Russell Poole (ed.) 2017, ‘Breta saga 131 (Gunnlaugr Leifsson, Merlínusspá I 63)’ in Margaret Clunies Ross (ed.), Poetry in fornaldarsögur. Skaldic Poetry of the Scandinavian Middle Ages 8. Turnhout: Brepols, p. 100.
‘Ríðr inn prúði til Peritónis ár
hvítum hesti hvatr ǫldurmaðr.
Ok hvítum þar hann markar staf
aldrœnn yfir ô kvernar hús.
‘Inn prúði, hvatr ǫldurmaðr, ríðr hvítum hesti til ár Peritónis. Ok hann, aldrœnn, markar þar hvítum staf hús kvernar yfir ô.
‘‘The splendid man, a bold lord, will ride a white horse to the river Periron. And there he, the aged [man], will mark out a mill-house above the river with a white staff. ’
Cf.

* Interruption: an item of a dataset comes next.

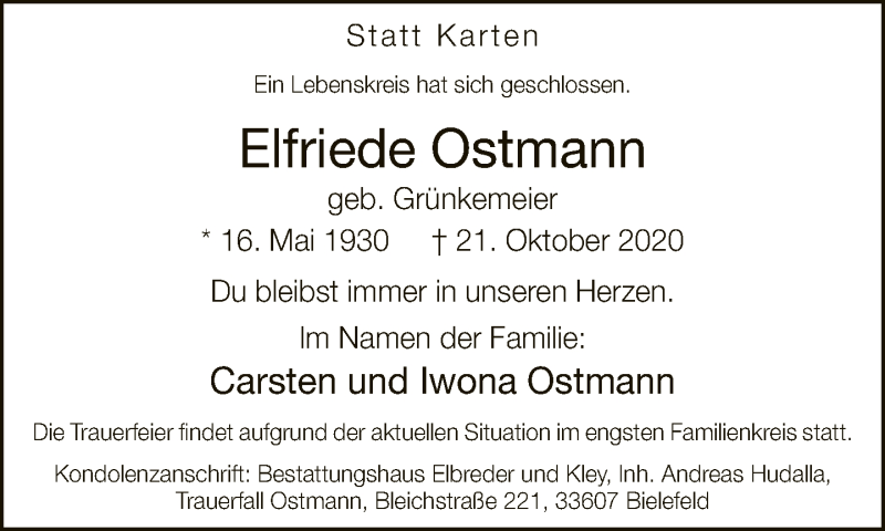 Hier finden Sie alle Traueranzeigen aus der Zeitung, die bisher für Elfriede Ostmann erschienen sind. Weitere Traueranzeigen, die in der Zeitung erscheinen, werden hier ebenfalls aufgelistet

DGB 115 (Reeve and Wright 2007, 149.108-10; cf. Wright 1988, 105, prophecy 19): Niueus quoque senex in niueo equo fluuium Perironis diuertet et cum candida uirga molendinum super ipsum metabitur ‘A snow-white old man on a snow-white horse will divert the river Periron and with a white rod measure out a mill on its bank’ (cf. Reeve and Wright 2007, 148). The Book of Llan Dav, c. 1150, locates Aper Periron not far from the town of Monmouth as a branch of the Cadlan (Curley 1982, 244, citing Williams 1955, xxxvi-xxxvii); some of the commentaries also place it near Monmouth (e.g. Hammer 1940, 419). The C10th Armes Prydein ‘The Prophecy of Britain’ describes a confrontation between the Welsh and the steward of an English king, possibly Æthelstan, at this location (Curley 1982, 225-6; Faletra 2008, 134). However, it is possible that Geoffrey is alluding by means of this anecdote about a snow-white old man to the rapid rise of the Cistercians, a monastic order distinguished by its members’ wearing of white robes. The order gained institutional definition with the Carta caritatis of Stephen Harding, confirmed by Pope Calixtus II in 1119 (Poole 1955, 187), and rapidly became very popular in England (Barrow 1956, 105). The earliest known reference to the adoption of white clothing by the Cistercians occurs in a letter of Peter the Venerable (1092/94–1156), abbot of Cluny, to Bernard of Clairvaux (Burton 2006, 10). The reference to a water mill may also be suggestive, as the typical Cistercian monastery straddled a mill-race, an artificial stream diverted from a nearby river to provide power for grain milling and other technologies as well as running water for domestic purposes (Hansen [n. d.], accessed 03/09/2015; cf. Bostan et al. 2012, 187; Woods 2005, 33). The Cistercians’ founding of Tintern Abbey, not far from Monmouth, occurred early enough for Geoffrey to have been able to allude to it in the separate Libellus Merlini as well as the subsequent DGB. — [1, 2] ríðr … til ‘rides … to’: Possibly a misinterpretation of divertet ‘will divert’ (applying to the course of the river).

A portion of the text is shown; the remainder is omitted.